There are times when I wish I could recall the feelings I believed I felt three years ago. There are times when I wish I could subdue my mind into finding you attractive in some way once again. There are times that I desperately wish I felt something besides nothingness when I pressed my lips against yours. In this case, it seems my heart has won the battle against my mind. Being with you again is what feels safe, is what always has been safe and is what drove me so far from you three autumns ago. The thing is, I never knew how to tell you this without feeling like I've deeply hurt you. For my own soul's peace I've made excuse after excuse in order to hide what we probably both know to be true. Love was a word that danced off my lips because I thought that was what I wanted. I mean, I did want to be loved but I never approached the capacity to reciprocate that sort of love towards you. I have loved many places, many things, and many people but never in the way you required me to love you.
I have an idea of the type of person I'd like to love and that's likely where the problem begins. That person isn't real and never will be but until I allow all parts of me the accept that, I will continue to chase that ideal. I can say that in all sincerity, but I don't feel it. I'm the worst kind of hopeless romantic there ever has been. So when you called me five or six times this weekend and I didn't answer, it meant something. I'm going to stop trying to make it work because it never will. I'm not going to pretend anymore because it leaves me empty. Your total acceptance of who and what I am is what scares me the most. You'd be fine with spending your entire life with me knowing that I don't love you, never have and never will. That's too easy for me. This has to be goodbye.
2 comments:
Well -- now we've all read that lament; let's take a look outside the tent:
http://www.oilydog.org -- BEWARE: it is a sad picture albeit the dog is still on its feet, in the picture, and no one (as usual) knows exactly what happened to it afterwards except, we do know this: the journalists who took the photo walked away.) So I am putting this song out on the web in various places.

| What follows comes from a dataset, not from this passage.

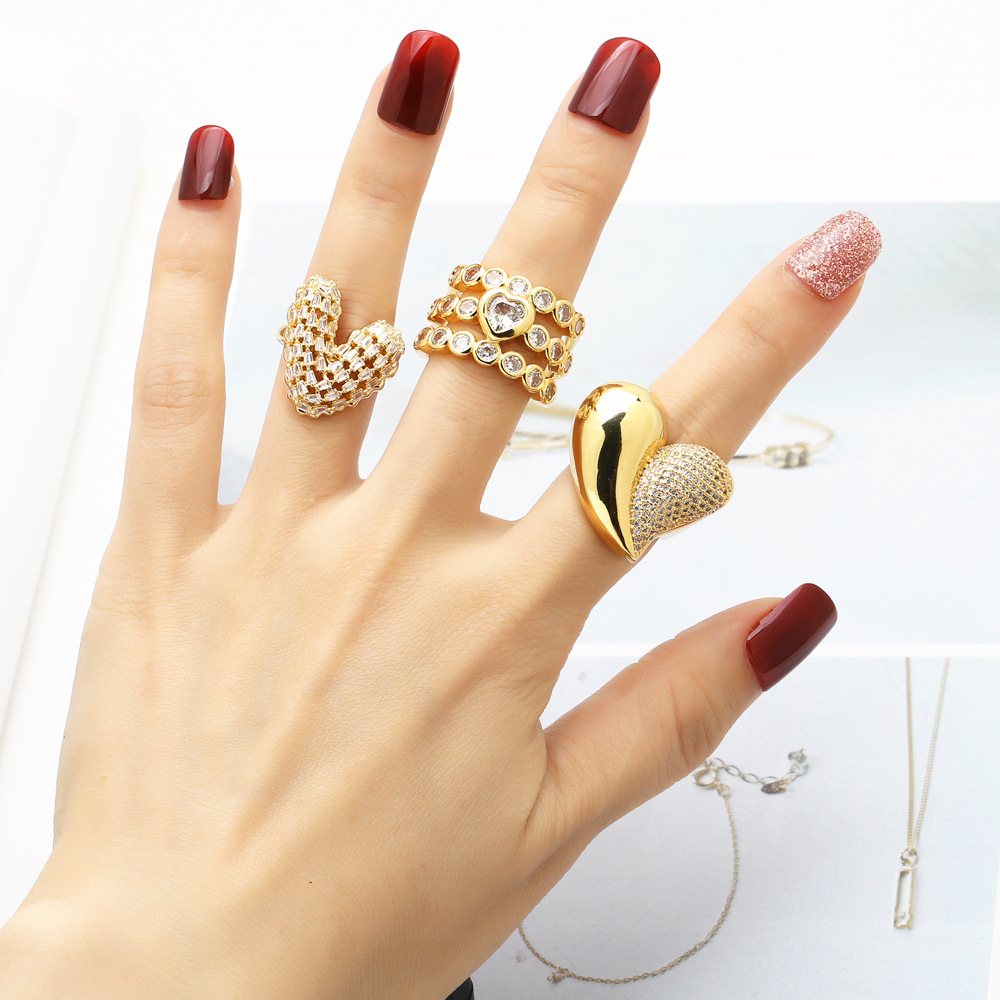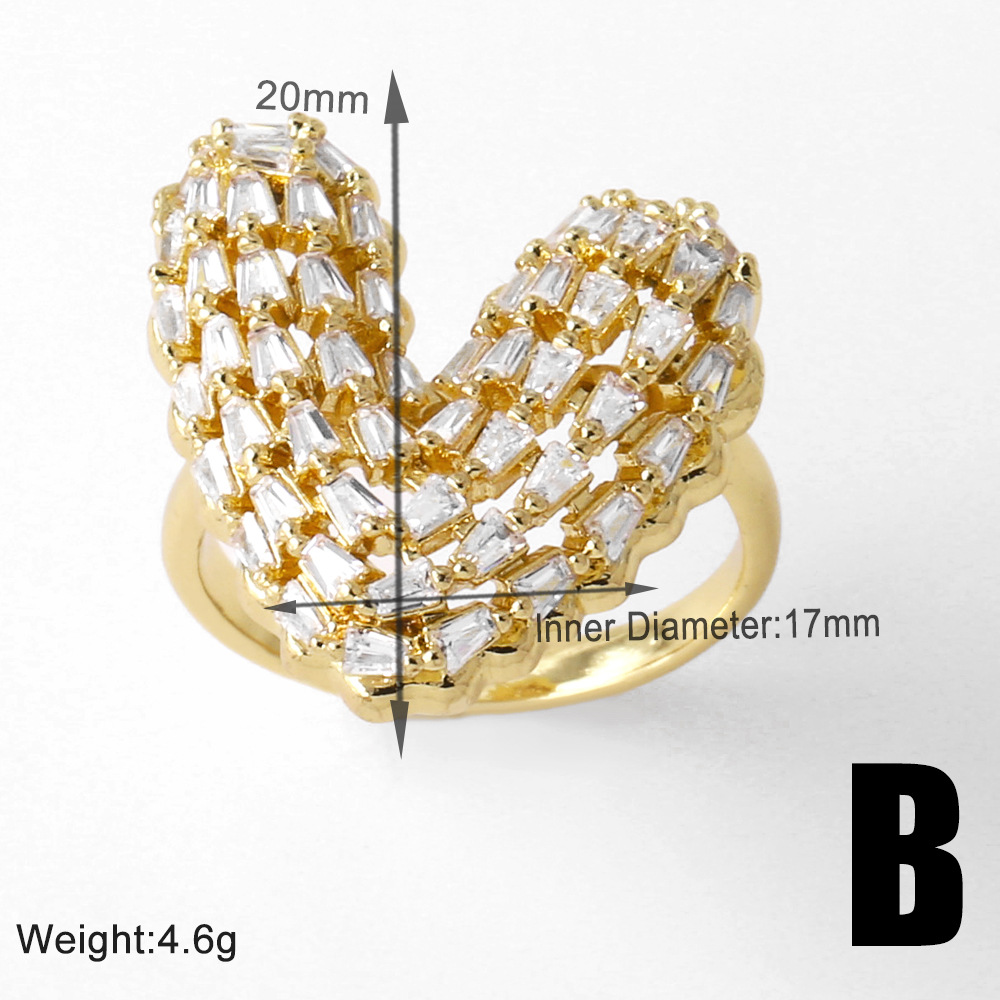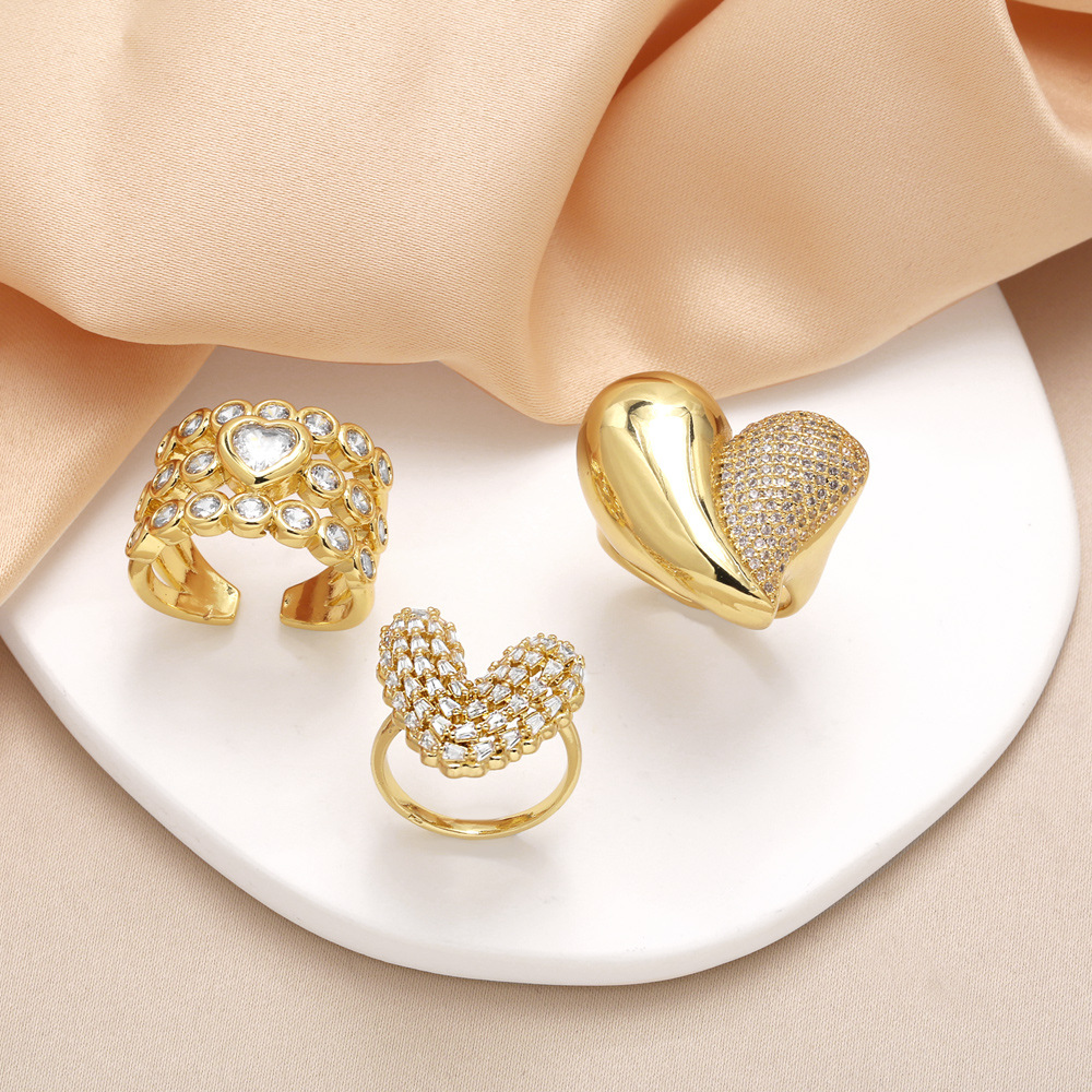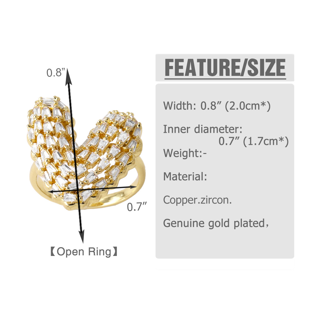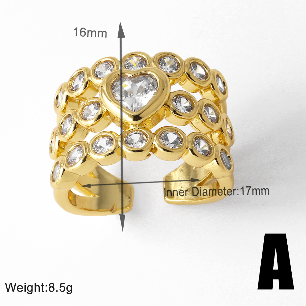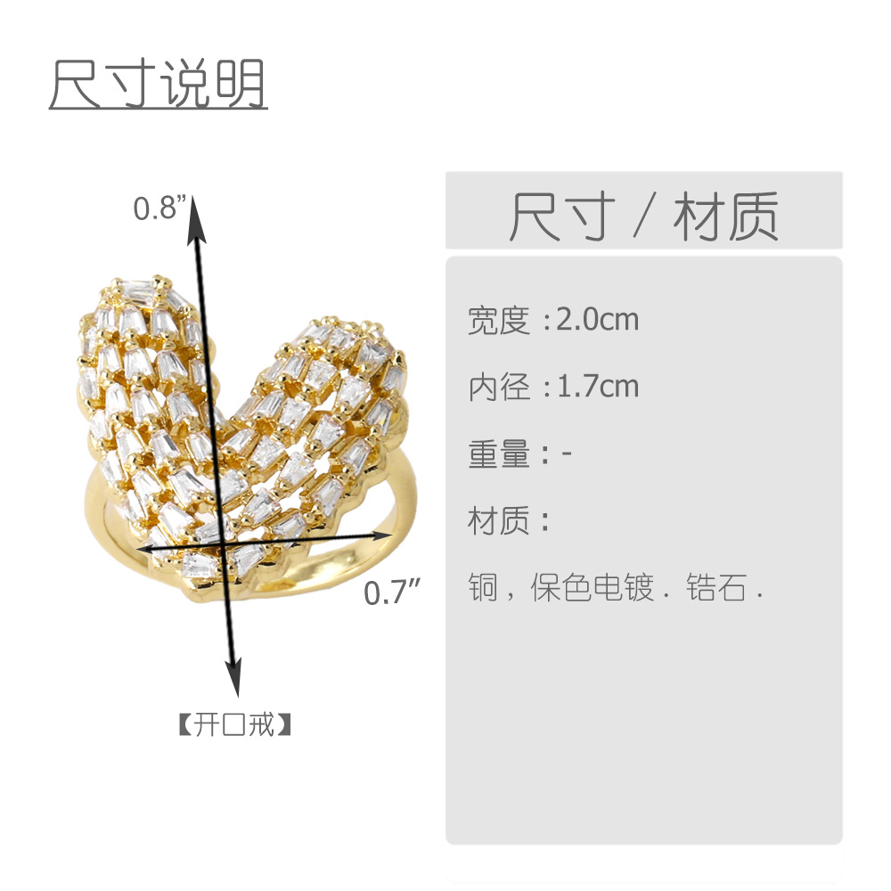 AS jewelry ring new full zircon love ring female copper plated 18k gold double layer open ring rik73

the water's going down today
there's workers walking by
and journalists are out there too
to profit while they spy
the work is cleaning oil
which has leaked and made a bog
and up to them comes begging
just a little oily dog
the working guys they give it pats
it was hoping for much more
it needs water, and it needs to get
this poison off its fur
the working men go on their way
helping doesn't cross their minds
but maybe there is hope because
the journalists are behind
they know it is a sorry sight -
the proof is not profound:
to take a touching picture
journalists laid down on the ground
shooting upwards for a portrait
of its paws and pleading face
with the blue sky in the background
several angles just in case
let's go back several weeks from here
back to some similar scenes -
here's a lady living on a bridge
in downtown New Orleans
living out there in the open
with her red dog by her side
she refused the no-pets transport
and, so far, she has not died
she refused the no-pets horror
now the camera's in her face
crouching with her dog there on the bridge
journalists' paychecks from her case
she refused the no-pets idiocy and
for this nightmare to end,
she just needs a ride from New Orleans
but not without her friend
the journalists moved along and
what came next we cannot know
if journalists had helped these two
they'd have certainly told us so
so here we are, another street
this time the dog's unowned:
he's made money for the journalists, now
they're leaving him alone
yes here we are, another street
the dog hopes they'll be kind
he's made money for the journalists, now
they're leaving him behind
they don't want oil on their shirts
nor on their camera straps
they only want the tear-jerk photos
falling in their laps
now when the waters rise all kinds
of people float their way -
and some float in, and some ride off,
and some are there for pay
and when the waters sink again
there's a simple rule of thumb
to tell between the helpers,
and the poison and the scum
for every picture taken
there's a Taker standing by:
with a mind not on survival and
with clothes and cameras dry
with food and transportation
and hired security
and a journalist's delusions about
journalistic purity
with the journalists' delusions
about what they need not do
with the journalists' delusions that
they're doing this For You
with the journalists' delusions
of professional states of Grace
and journalistic commentary while oil
and tears run down your face
Copyright 2005 by Doug Gross
It wasn't really a lament...but okay. Yes, about the dogs...that's sad. What about the people? What about the ones that have lost everything and everyone? And the journalists? , I can't stand them either. I've heard all kinds of arguments of why they feel they cannnot get involved and with some I agree. Just look at Geraldo Rivera, he tried to "help" and what he really did was get in the rescuers way.